Скрипел снег, розоватый от низкого солнца, словно сквозь него просачивалась кровь.

На площади, куда их привели, стояла молчаливая толпа, окруженная автоматчиками. Над ней подымался пар от дыхания. Он тоже был розоват. А внутри толпы, в другом кольце автоматчиков - виселицы. Их построили еще осенью. Дядя Миша видел их. Но теперь с перекладин свисали толстые веревки с петлями.

Полковник Фриц фон Альтенграбов, стоявший неподалеку с группой офицеров, рассматривал приговоренных. Он подписал приговор не читая. Не все ли равно, эти виноваты или другие. Любого русского можно повесить. Публичная казнь через повешение должна устрашить город. Эти скоты должны понять, что немецкая власть - твердая власть и сломает любого.

Ну и рожа у парня! Сразу видно, что допрашивали старательно. Женщина… Если ее не повесить, народит кретинов. Ишь, глаз не опускает!… Опустишь, как накинут петлю.

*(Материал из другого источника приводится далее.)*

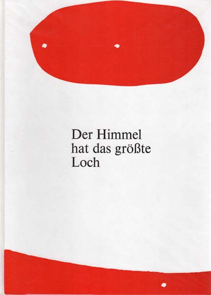 Prangenberg, Norbert – Rolf Steiner: Der Himmel hat das größte Loch. Gedichte Rolf Steiner. Linolschnitte Norbert Prangenberg. Auflage 100 numerierte Exemplare. Krefeld. Klaus Ulrich Düsselberg. 1985. 40 x 29 cm. 40 unpaginierte S. OPappband mit einem umlaufenden farbigen OLinolschnitt. Sehr gutes, frisches Exemplar. Nummer 27 / 100 handschriftlich im Kolophon nummerierten und von Künstler und Autor signierten Exemplaren, datiert Oktober 1985. Hangesetzt auf der Times Antiqua und gedruckt auf Zerkall Bütten von Rolf Steiner und Norbert Prangenberg zusammen mit Klaus Ulrich Düsselberg in der Druckwerkstatt Düsselberg Krefeld. Enthält inklusive dem Einband 9 Original-Linolschnitte, davon 6 in Schwarz und 3 in Rot.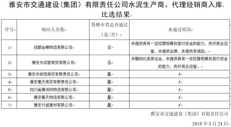 雅安市交通建設(集團)有限責任公司水泥生產(chǎn)商、代理經(jīng)銷商入庫比選結(jié)果公示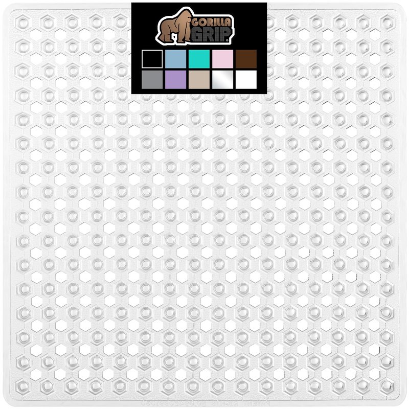 Gorilla Grip Patented Shower and Bathtub Mat, 21x21, Small Square Shower Stall Floor Mats with Suction Cups and Drainage Holes, Machine Washable and Soft on Feet, Bathroom Accessories, Clear

И где только Гравес откопал это чучело?… Он же на ногах еле стоит. Полковник повернулся к штурмбанфюреру:

– Не нашли кого-нибудь покрепче?

– Идея, господин полковник. Пусть висят, так сказать, три поколения.

– Гм… Остроумно.

У стоящего позади лейтенанта, с лицом, словно обсыпанным мукой, сладко замирало сердце. Он еще не видел, как вешают. Ах, если бы полковник приказал ему вздернуть хоть вот эту бабу! Должно быть, острое ощущение!

Приговоренным велели подняться на помост, где возле каждой свисающей петли стоял солдат, а под петлями - длинная скамейка, одна на всех. Переводчик встал с краю помоста, развернул бумагу, начал громко читать.

Дядя Миша не прислушивался. Улавливал отдельные слова: "Строгий порядок… Партизаны или кто им помогает… Смертная казнь…"

Внезапно толпа там, за шеренгой автоматчиков, распалась на лица и он увидел глаза. А в них - боль, ненависть, ужас.

"А ведь это публика, моя публика, - подумал дядя Миша. - Разве такие у них были глаза? Где радость? Где смех? Где жизнь?"

Дядя Миша выпрямился и стал еще длиннее. К смерти он давно готов, но болтаться в петле, как мешок? На глазах у публики, у его публики, которая дарила ему каждый вечер счастье?…

Он вдруг почувствовал себя клоуном, тем прошлым Мимозой. И тело свое ощутил молодым и пружинистым.

Он сложил по особому пальцы. Они послушались, и правая рука выскользнула из веревки. Он сорвал с головы ушанку и крикнул по-петушиному:

– А вот и я!…

И растрескавшиеся окровавленные губы его растянулись в веселую улыбку до ушей. Отставив ногу назад, он сломался в шутовском поклоне, уронил ушанку, подцепил ее ногой, подбросил, и она послушно наделась на голову. Как всегда, как там, на манеже.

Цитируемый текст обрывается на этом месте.